On September 23 the Los Angeles Times editorial board restated the paper’s position that the individual right to keep and bear arms was created by the Supreme Court via District of Columbia v Heller (2008). The board then made clear their belief that SCOTUS “erred” in doing this and reasserted that the Second Amendment was meant to cover a collective right, not an individual one.
According to the Times, “The Supreme Court erred in the initial Heller decision by upending an interpretation of the 2nd Amendment that had been embraced for half a century — that the amendment’s reference to a ‘well-regulated militia’ limits the right to keep and bear arms to organized military units, such as the National Guard.”
The timing of the Times‘ piece is not happenstance. They are revisiting these things in light of a September 18 United States Court of Appeals for the District of Columbia Circuit decision which struck down some gun controls that have continued in the wake of Heller, while preserving others.
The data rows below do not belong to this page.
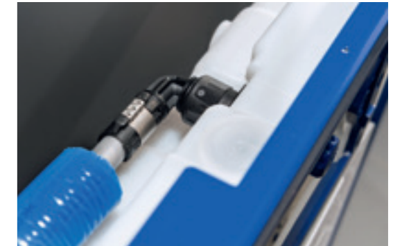
A universal adaptor is available with Masterfix for tool-free connection to Geberit fittings. This eliminates the need for any additional sealing material such as hemp.
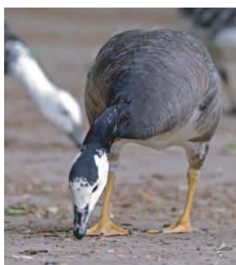
6e: 11 July 2006
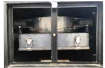
Cyclone Filter (OPTION : PM10 Filter)
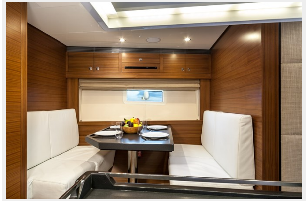
PATEA - Galley
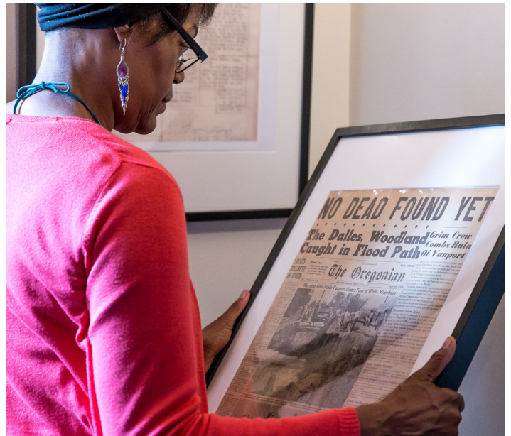
Photo: Vanport Mosaic event focused on memory activism
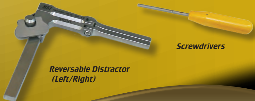
Reversible Distractor (Left/Right)
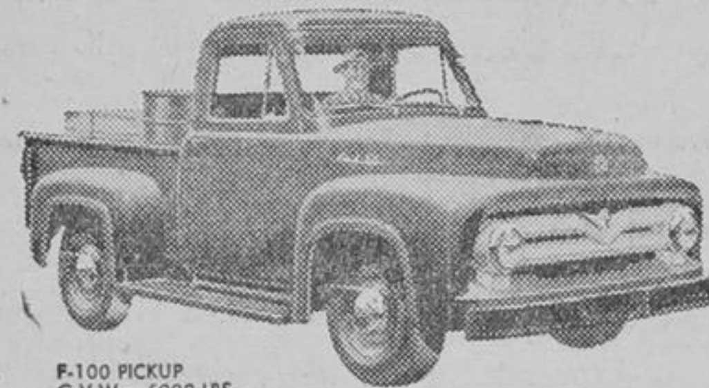
F-100 PICKUP G.V.W.—5000 LBS. PAYLOAD—UP TO 1618 LBS.

Over 125 models... G.V.W.'s up to 40,000 lbs... extended range of spring, axle and tire options. In every series, from half-tonners to giant "Big Jobs", Ford offers you high payload capacities. For example, the new F-100 Pickup now has payload capacity up to 1618 lbs. Gross Vehicle Weights range from 5000 lbs. to 40,000 lbs.—Gross Combination Weights go right up to 60,000 lbs. Axle and spring capacities have been increased.
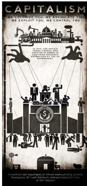
Illustration 2. This image appeared in social media and in the streets around the Navajo nation in response to the three-years lease extension the Navajo government gave to Peabody Company. July 2017.

These decisions have direct impacts on the daily life in the Navajo nation.
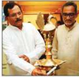
India's Minister Shripad Naik lighting the traditional lamp
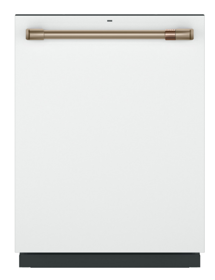
ALSO AVAILABLE IN
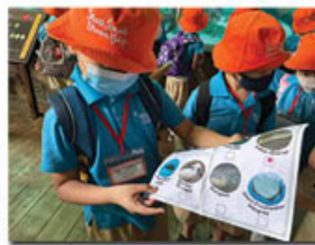
Using an activity booklet to identify the different animals at River Wonders
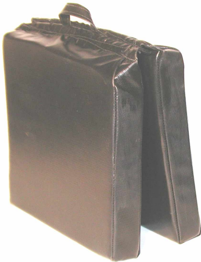
Figure 2 - The portable “throw pad” features connected seat and backrest pads with loop handle. 0

An example of a potential seat padding intervention for transport vehicles is the “throw pad” (Fig. 4) which was developed by RM Wilson Company in collaboration with management at the mine. It is a 35.6-cm (14-in) square and 6.4-cm (2-1/2-in) thick folding pad (covered in a black vinyl material) with a handle that workers could carry around with them. It was originally intended for maintenance workers, who needed the flexibility of a portable pad that can be used not only for sitting, but kneeling and lying down depending on the work task performed. NIOSH researchers are considering the “throw pad” as an intervention applicable for a variety of transport vehicles and optimizing the padding selection and configuration through laboratory vibration investigations.
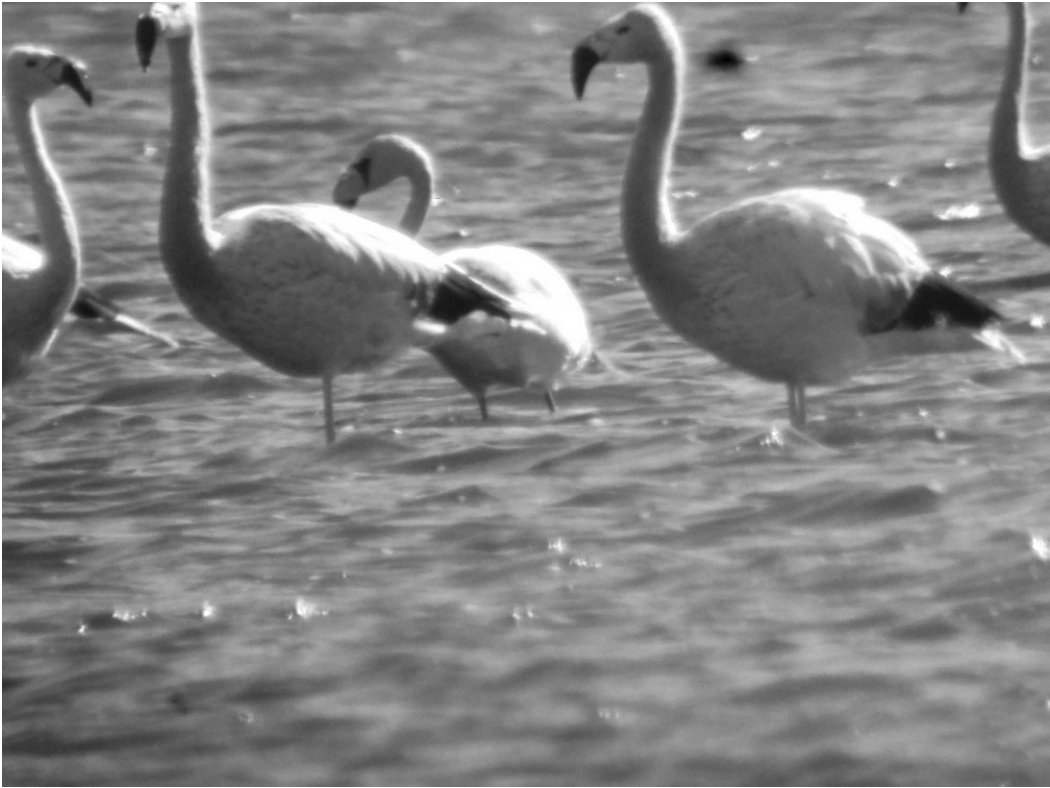
FIG. 2. Adult James's Flamingo walking among Andean Flamingos in Laguna Melincué.

site. Most of the time we observed them close to each other, within a group of Chilean Flamingos that varied from 800–1,300 individuals, while only occasionally they mixed with a smaller group of Andean Flamingos that varied from 50–275 individuals. During our opportunistic observations, James's Flamingos spent most of the time preening, walking, or feeding.
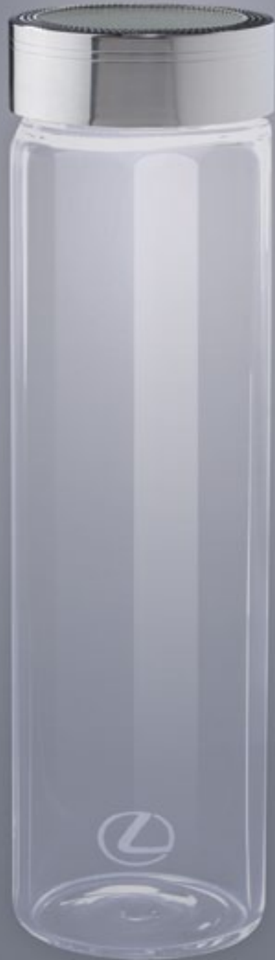
GLASS H 2 GO® Clearly, a different way to transport beverages. Slender, cylindrical glass container with screw-on lid. Dishwasher safe without lid. 18 oz. 00625-19141-800
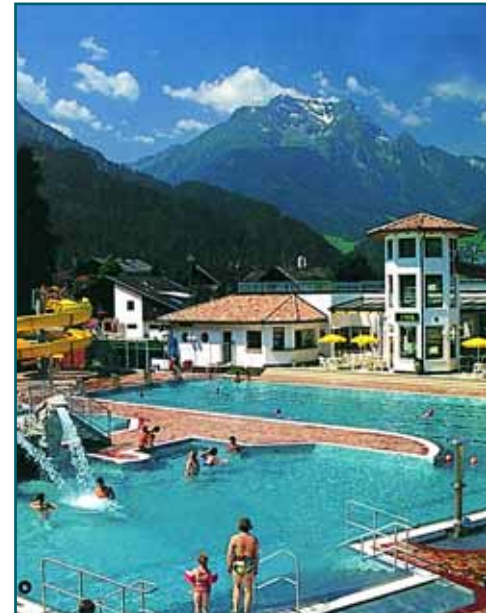
The local swimming pool

Guided Walks. Mayrhofen's tourist office offers an excellent programme of FREE guided walks (local charge for lunches/transport). There are normally four walks per week (high-season) plus a guided bike tour.
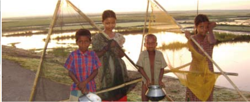
Children fishing to supplement their families' meals (North area).

home-based or private family-run schools and are particularly good at supporting slow learners and children with disabilities. Under PEDP II, school facilities have been extended and improved, school level implementation plans (SLIP) implemented and resource materials provided. Despite some concerns about the lack of local consultation and delays in construction, these initiatives have been appreciated. The focus on local decision making and local implementation of SLIP is particularly appreciated.
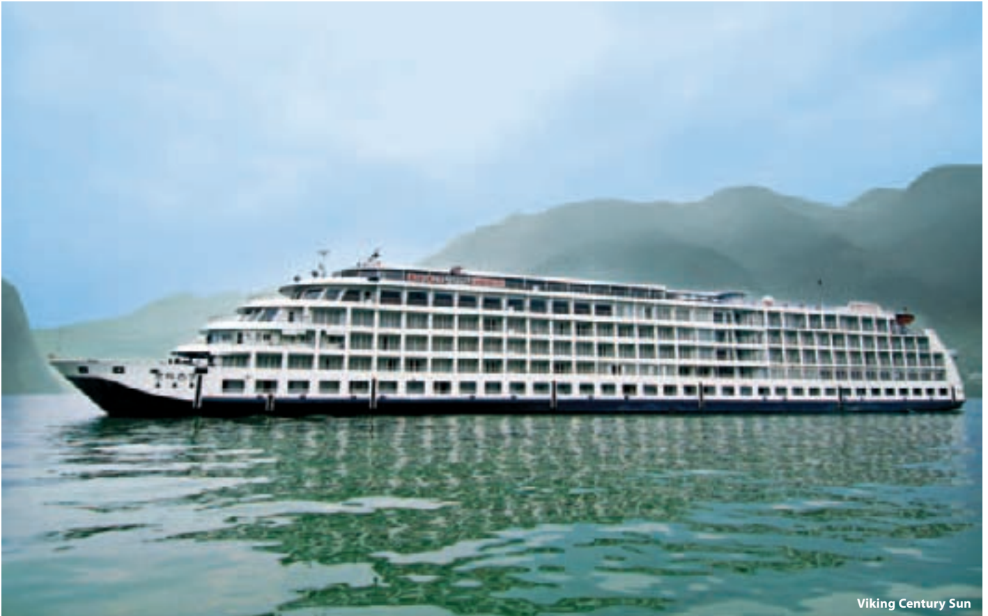
Viking Century Sun

This ship has been awarded a 5-star rating by the China National Tourism Office.
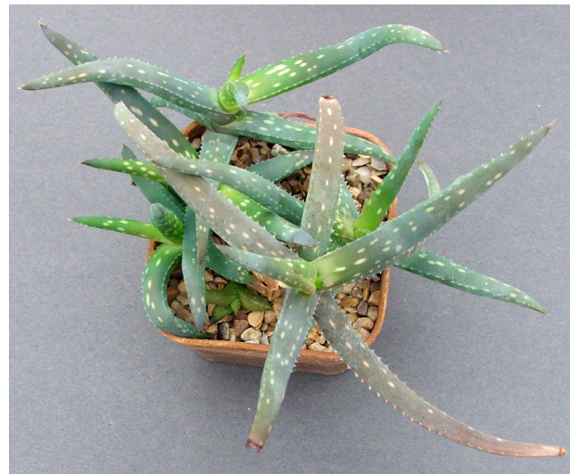
Below: Aloe jacksonii in an 8 cm square pot.

The fact that some gun controls related to the District’s gun registration scheme were able to stand leads the Times to conclude that while Americans now have a right to own guns individually, this does not topple “the government’s right to regulate ownership.”
Now the government has rights?
Breitbart News previously reported that the basis for the Times‘ claims that the right to keep and bear arms was created in 2008 is simply to keep the Heller decision in play so it can be reversed once the makeup of the court shifts. On June 27, 2008–one day after the Heller verdict was handed down–the Times contended:
Presented with two historically plausible arguments about whether the 2nd Amendment secures an individual right to keep and bear arms, the Supreme Court on Thursday opted for the interpretation less suited to a 21st century America bedeviled by gun crime. That’s the disappointing part of the court’s long-awaited ruling striking down the District of Columbia’s strict gun-control ordinance.
The goal since that time has been to preserve a perception of error so that the case–and gun rights with it–can be revisited and reversed at a future date.
In 2012 the The New York Times staked out similar ground by contending that our Founding Fathers never intended to protect an individual right. Rather, the emergence and recognition of such a right is the result of a 2008 misinterpretation by the Supreme Court.